0 points: You're not here when I call on you
2 points: You have a meaningful comment/question about the project/paper
1 points: Everything else

You get 2 excused absences (guarantees I won't call on you) for the term. You must let me know beforehand

Project Submissions

Checkpoint 1: Project Description (Due Sept 25, 11:59)

What is the specific challenge that you will solve?
What metrics will you use to evaluate success?
What deliverables will you produce?

Project Submissions

Checkpoint 2: Progress Report (Due Oct 23, 11:59)

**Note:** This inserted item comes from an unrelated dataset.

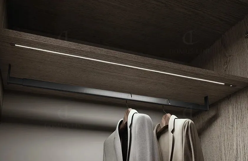 義大利進口可裁切無光點矽膠LED燈條,特殊無光點設計能確保一致性的光源投射,且具有高照明性能,非常適合安裝於衣櫃,同時也適用於各種不同的要求最小挖槽空間及多變地照明設計。

What challenges have you overcome so far?
How does your existing work compare to other, similar approaches?
What design decisions have you made so far and why?
How have your goals changed from checkpoint 1?
What challenges remain for you to overcome?

Project Submissions

Checkpoint 3: Final Report (Due Dec 6, 11:59)

What specific challenges did you solve?
How does your final solution compare to other, similar approaches?
Were the design decisions you made correct and why?

Paper Assignment 1

Lazy evaluation of transactions in database systems
Jose M. Faleiro, Alexander Thomson, Daniel J. Abadi

Be ready to intelligently discuss the paper's contents Tuesday Sept. 3

Class Introductions

What is your name?
What did you do over the summer?
Why did you take this class?
What is the most recent nonfiction TV/Movie/Book you've read/etc...?

Project Seeds

Replicate Learned Data Structures
Replicate CrimsonDB
Linear Algebra Optimizer for Spark
Simulating Data from SQL Logs
Reenactment-style Updates
Schema Discovery for Data Directories

Replicate Learned Data Structures

CDF-Based Indexing

"The Case for Learned Index Structures"
by Kraska, Beutel, Chi, Dean, Polyzotis

Cumulative Distribution Function (CDF)

$f(key) \mapsto position$

(not exactly true, but close enough for today)

Using CDFs to find records

Ideal: $f(k) = position$: $f$ encodes the exact location of a record
Ok: $f(k) \approx position$ $\left|f(k) - position\right| < \epsilon$: $f$ gets you to within $\epsilon$ of the key; Only need local search on one (or so) leaf pages.

Simplified Use Case: Static data with "infinite" prep time.

How to define $f$?

Linear ($f(k) = a\cdot k + b$)
Polynomial ($f(k) = a\cdot k + b \cdot k^2 + \ldots$)
Neural Network ($f(k) = $)

We have infinite prep time, so fit a (tiny) neural network to the CDF.

Neural Networks

Extremely Generalized Regression

Essentially a really really really complex, fittable function with a lot of parameters.

Captures Nonlinearities

Most regressions can't handle discontinuous functions, which many key spaces have.

No Branching

if statements are really expensive on modern processors.

(Compare to B+Trees with $\log_2 N$ if statements)

The community is skeptical!

Try to repeat the author's success!

Try to find overlooked problems with the author's success!

Things to think about

How did they achieve their performance gains. Is it what they're claiming, or a side-effect?
Are their performance gains workload specific? Are there workloads on which those gains go away?
Are there notable design considerations that were not documented?

Replicate CrimsonDB

When disks are involved, sorted data layouts are fantastic for reads! $O(1)$ IOs to access any data.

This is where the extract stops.